Give again, exactly and only, the lines running from the one with "The pergola is" to the end of the material below; leave out pictures.

_INPUT DATA_
==================================================

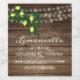 Impressionnez vos invités avec une délicieuse réception de mariage buvable...Limoncello. Cet exemple de étiquette de bouteille montre l'illustration vintage d'un citron sur un arrière - plan à l'allure de grange en bois et une série de lumières. Personnalisez le texte avec les noms des mariés et des mariés et l'année du mariage. Customisez toutes les polices et le texte. Pour voir d'autres produits mariages ou de douche nuptiale, visitez le site "The Hungarican Princess - A Boutique" @zazzle.com/hungaricanprincess. Félicitations. Ajoutez un panneau de table correspondant, regardez dans notre "Mariage Limoncello Department Category"
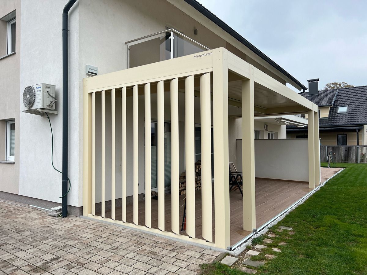 The pergola is complemented on one side with Sunbreakers B290 in soft off-white/beige (RAL 1015), creating a bright, pleasant, and elegant terrace look.
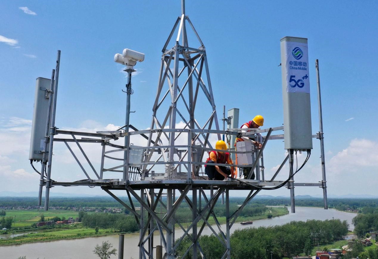 Workers adjust the antenna at a 5G base station in Tongling, east China's Anhui province. (People's Daily Online/Guo Shining)

==================================================

_WRITTEN ANSWER_
 The pergola is complemented on one side with Sunbreakers B290 in soft off-white/beige (RAL 1015), creating a bright, pleasant, and elegant terrace look.
 Workers adjust the antenna at a 5G base station in Tongling, east China's Anhui province. (People's Daily Online/Guo Shining)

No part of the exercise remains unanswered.